Doll Peasant Dress Pattern and Tutorial January 10, 2018 – Posted in: doll clothes, fat quarter, peasant dresses, sewing, tutorial
Peasant dresses are a really easy beginner sewing project. When I teach my daughters to sew doll clothes, this is our first lesson. I have to help with a few of the steps, but they can handle most of it.
After you learn how to make this basic dress, there are a lot of options to change it up for a totally different look. I also have tutorials for making peasant dresses in girls’ sizes. Matching girl/doll sets are always a pretty big hit!
These dresses have a lot of variations, and I hope to expand on this pattern in the future. For now, though, I am starting off simple with a basic, short sleeve peasant dress. I have picked up some tricks over the years to make sewing them a little faster and easier.
You will need:
- a fat quarter of fabric or 1/3 yard of fabric if bought from the bolt
- 8 1/2″ of 1/4″ wide elastic
- pins or wonder clips
- sewing machine and needles
- printed free pattern- available HERE
First, let’s prep the pattern. Print it out in actual size and cut it out. To fit the longer main dress piece on the page, I had to do it in two pieces. So, you will have to overlap the little bottom section and tape it together. It is off a little bit- about 1/8″ but I am not a professional and it is a free pattern so center it the best you can and don’t complain. OK?
If you want to be really efficient about it, fold it again, accordion style, and cut two of each pattern piece.
(If that was confusing, just ignore it and cut two pieces out individually!)
You will have four pieces total- a front, a back, and two sleeves.
One trick I learned through experience is that it is easier to hem the sleeves before sewing the dress together. Fold it under 1/4″ twice and sew 1/8″ from the edge. (My girls usually need help with this when they are first learning because it is such a small hem.)
Next, line up the curved edges of one sleeve and one dress piece as shown. Make sure to line up each set on the same side.
Sew the curves together with a 1/4″ seam allowance. (I also use a shorter stitch length to make those curves tighter.)
Then, sew the opposite side of each sleeve to the other side of the dress. This part used to confuse me, so I will show it at a couple of different angles.
Again, use a 1/4″ seam allowance. It is kind of like sewing everything together in a loop or a rectangle.
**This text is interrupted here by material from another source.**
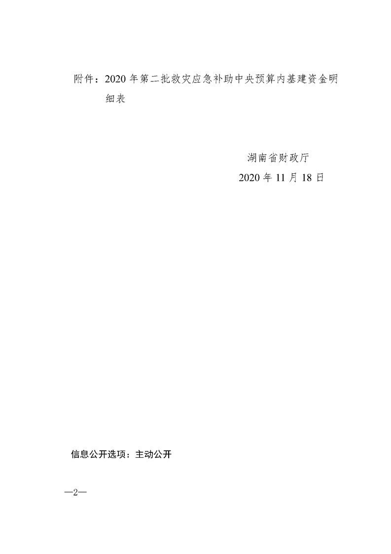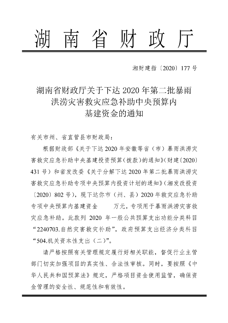 湖南省财政厅关于下达2020年第二批暴雨洪涝灾害救灾应急补助中央预算内基建资金的通知

(Normally, I would nest the armpit seams so that one goes in each direction. It would lay flatter and be easier to sew. However, on this particular project, I like to face both of the seams towards the dress pieces, away from the sleeve hem. I just don’t want more bulk in that area. You can do whatever you like.)
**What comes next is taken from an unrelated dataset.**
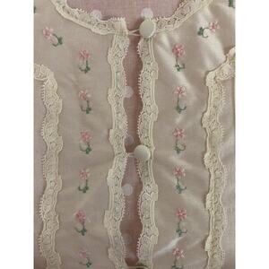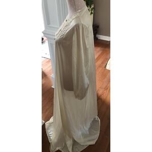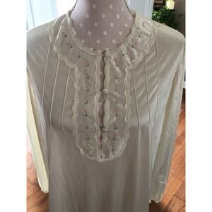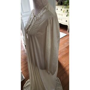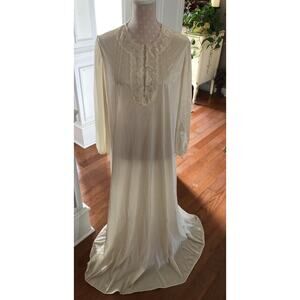 Vintage 1970's Maxi Ivory Silky Nylon Nightgown Long Sleeve Lace Vanity Fair M

Pin and sew along each side with a 1/4″ seam allowance.
Now, I happen to have an overlock machine, or serger. If you don’t have one, go buy one. They are awesome. If that isn’t an option or desire for you, you can finish the seam another way- pinking shears, zig zag stitch, etc. Google it.
Now, I happen to have created a separate tutorial for how to tuck in those serger threads. You can see it HERE.
Next you have to sew the elastic casing for the neckline. This is the hardest part, in my opinion. It just seems to take a little practice. The most important thing to remember is this: KEEP THE SEAMS ALL PRESSED IN THE SAME DIRECTION! Did that seem like I was shouting at you? Good. I was. Trust me. It is very frustrating to get the elastic stuck at a seam and this will prevent it.
Fold the raw edge down 1/4″ to the inside.
Next, fold it in 1/2″ (and watch those seams!) You can iron and pin. You can use wonder clips (those rock!) You can just eyeball it up and fold it as you sew (maybe after some practice). So that I could take a picture… I pinned this time.
Start sewing somewhere on the back. I like to start just before a seam. Sew about 1/8″ from the folded edge all the way around. I keep my needle to the left and line up the outside folded edge with the edge of my presser foot.
Do NOT go all the way around! Leave the last inch or so open so that you can put the elastic into the casing.
Cut a piece of 1/4″ elastic 8 1/2″ long. Pin a safety in onto each end. One will guide it through the casing. The other will keep the end from getting pulled in. (You can pin it to the dress if you want to be really sure!)
Make sure that you push the safety pin towards the seam so that everything is going the same direction.
Push the elastic all the way through the casing, being careful not to twist it.
Overlap the ends of the elastic about 3/4″ or so.
Use a small zig zag stitch on the machine to hold the ends together.
Stretch the casing to pull the elastic inside. Sew the opening closed.
Finally, turn the bottom under 1/4″ twice to make a small hem.
Stitch 1/8″ from the edge.
Hooray! It is finished!!!
To put it on the doll you will want to pull it up from the legs, not put it over the head. They are sort of disproportional so it is easier that way. Plus, you don’t mess the hair up.